The existing 2-story SC4 North Building was built in 1920 and has an area of 58,885 gross square feet and 52,574 net square feet. The building houses faculty offices, instructional classrooms, laboratories, a gymnasium, and fitness area. The building’s existing 1970’s vintage HVAC system had passed its useful life and required a replacement. The old HVAC system consisted of room unitary heating and cooling units that had poor climate control and generated excessive noise in the each space. SC4 desired replacing the old HVAC system with a highly energy efficient state of the art HVAC system that could be a show case for their students and the community.
The design team’s challenge for SC4 North Building was to retrofit a 1920 building with the latest technology in the HVAC industry.

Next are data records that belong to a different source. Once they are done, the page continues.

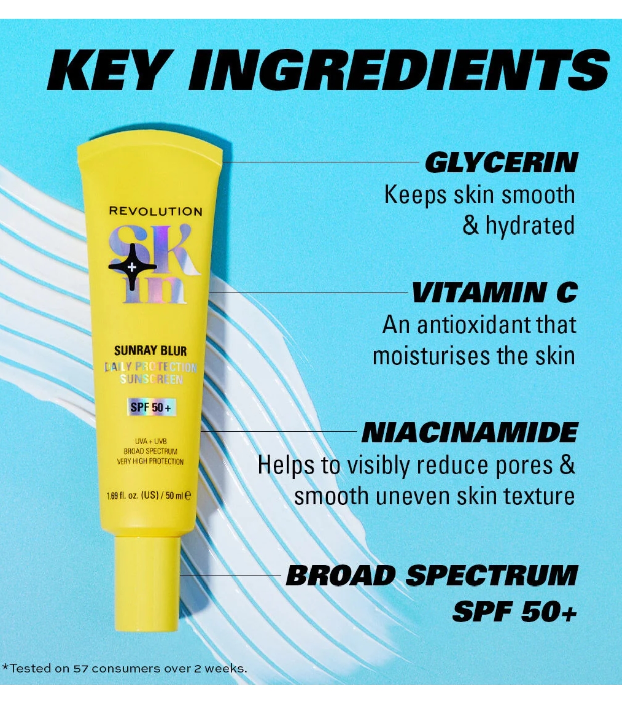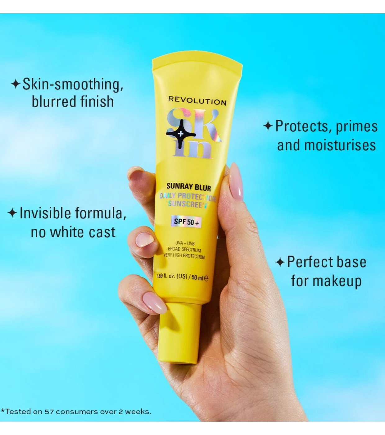 ¡Luce una piel suave, hidratada y protegida con el protector solar matificante Sunray Blur SPF50+ de Revolution!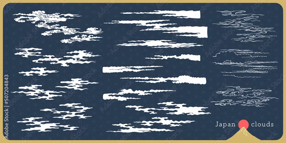Fototapeta samoprzylepna 浮世絵タッチのただよう雲デザインセット。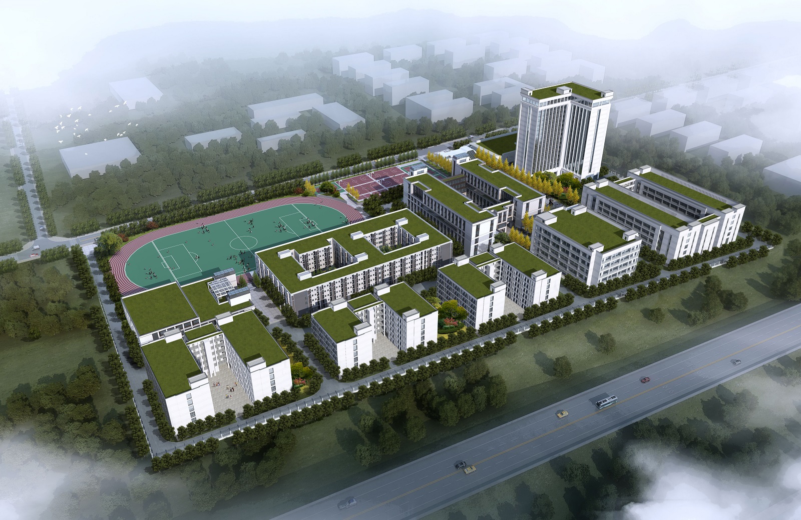 项目建设过程中,将全面贯彻创新、协调、绿色、开放、共享新发展理念,项目建成后,新校区将成为学习和生活设施配套齐全、环境美观整洁、四季缤纷如画、宜居宜学宜业的美丽校园。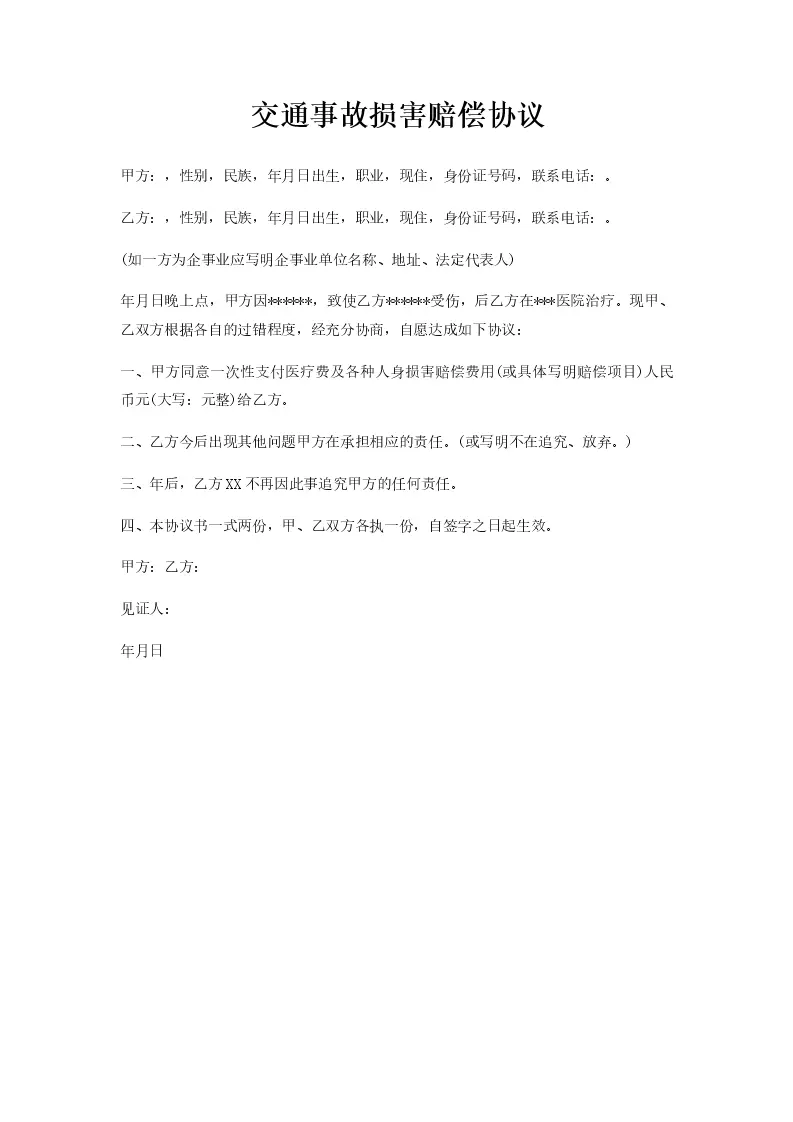交通事故损害赔偿协议

Another challenge was that the North Building is located in a dense city setting where locating new HVAC equipment is very difficult. In addition, any equipment installed outside could not generate noise to the surrounding area.
The design team utilized a computerized building energy simulation model (Trane Trace energy simulation program) to evaluate multiple HVAC options. The criteria for the HVAC system replacement included a less-than-10-year-payback on additional investment over a conventional base HVAC system and have a high level of substantiality.
The North Building’s existing parking lot was in poor shape and was due for replacement. The design team opted to replace the parking lot and install a new direct buried geoexchange slinky coil system under a new porous pavement parking lot as a source water system for the water to water heat pumps. The new porous parking lot allows water to drain through its surface to the ground source geoexchange system located below. The surface area of the parking lot was 97,590 square feet, the slinky coils were buried an average depth of eight feet, well below any frost condition. The water to water heat pumps through the horizontal ground source geoexchange slinky coils extract heat from the earth in the winter and rejects heat to the ground in the summer.
This project won First Place Chapter and Regional ASHRAE Awards, and Honorable Mention at the Society level. It is an example of MEP engineering work at its finest.